Formulation and numerical exploitation of mixed variational principles for coupled problems of Cahn–Hilliard‐type and standard diffusion in elastic solids

Abstract

SUMMARYThis work develops variational principles for the coupled problem of standard and extended Cahn–Hilliard‐type species diffusion in solids undergoing finite elastic deformations. It shows that the coupled problem of diffusion in deforming solids, accounting for phenomena like swelling, diffusion‐induced stress generation and possible phase segregation caused by the diffusing species, is related to an intrinsic mixed variational principle. It determines the rates of deformation and concentration along with the chemical potential, where the latter plays the role of a mixed variable. The principle characterizes a canonically compact model structure, where the three governing equations involved, that is, the mechanical equilibrium condition, the mass balance for the species content and a microforce balance that determines the chemical potential, appear as the Euler equation of a variational statement. The existence of the variational principle underlines an inherent symmetry of the coupled deformation–diffusion problem.
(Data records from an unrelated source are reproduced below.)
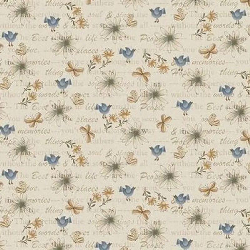 Mixed Media - Bluebird of Happiness by Janet Nesbitt, 100% Premium Cotton, Width 44"
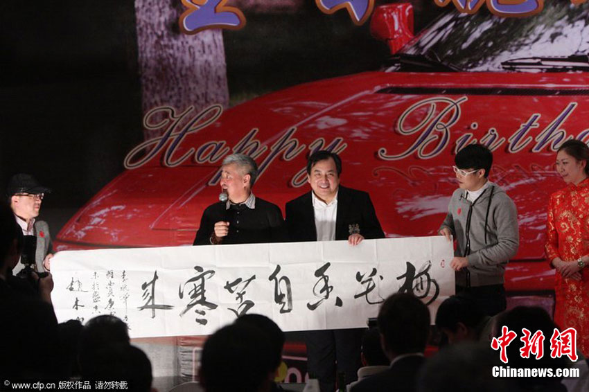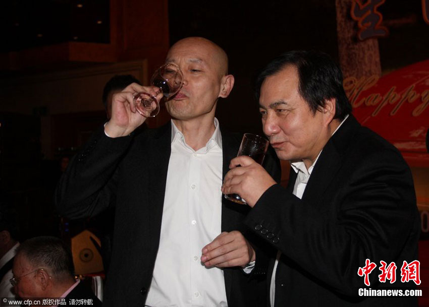 亞洲第一位擁有勞斯萊斯的大富翁李曉華19日在北京昆侖飯店大擺六十歲生日宴。姜昆現場表演即將在春晚演出的相聲。小沈陽滿場飛異常活躍。當晚葛優(yōu)與壽星李曉華和趙本山豪飲碰杯。圖為趙本山和李曉華、葛優(yōu)碰杯豪飲。
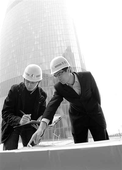 上图 广东省质监部门技术人员正在对西塔重点建设工程的产品进行检验。
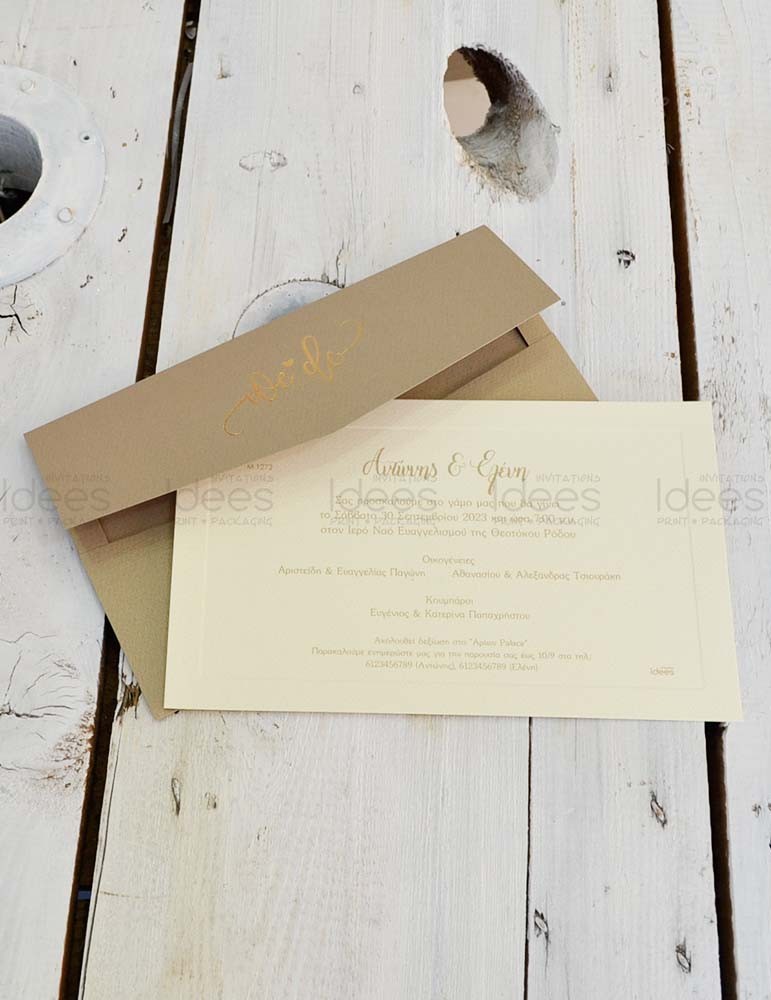 Προσκλητήριο γάμου με χρυσοτυπία στην κάρτα.
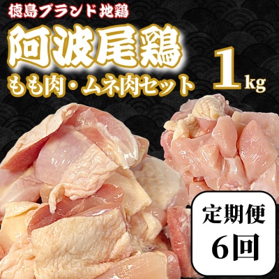 【定期便6回】阿波尾鶏 もも肉・むね肉セット1kg(500g×2P) 鶏肉 徳島 地鶏 とり肉
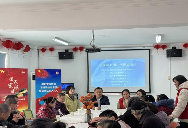 為迎接第十二個國家憲法日的到來,弘揚(yáng)憲法精神,營造濃厚的憲法宣傳氛圍,近日,中建二局華東公司江蘇分公司法律事務(wù)部聯(lián)合南京景明佳園社區(qū)新時代文明實(shí)踐站、鐵心橋街道康寧驛站、南京市春和殘疾人之家開展了一場主題為“權(quán)益面對面,法律加油站”的公益法律座談。
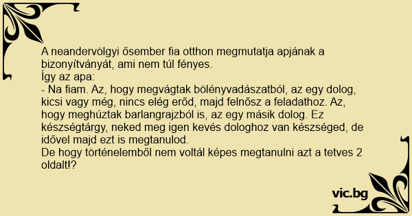 A neandervölgyi ősember fia otthon megmutatja apjának a bizonyítványát, ami nem túl fényes.

This can be exploited in the numerical implementation by the construction of time‐discrete and space‐discrete incremental potentials, which fully determine the update problems of typical time stepping procedures. The mixed variational principles provide the most fundamental approach to the monolithic finite element solution of the coupled deformation–diffusion problem based on low‐order basis functions. They induce in a natural format the choice of symmetric solvers for Newton‐type iterative updates, providing a speedup and reduction of data storage when compared with non‐symmetric implementations. This is a strong argument for the use of the developed variational principles in the computational design of deformation–diffusion problems. Copyright © 2014 John Wiley & Sons, Ltd.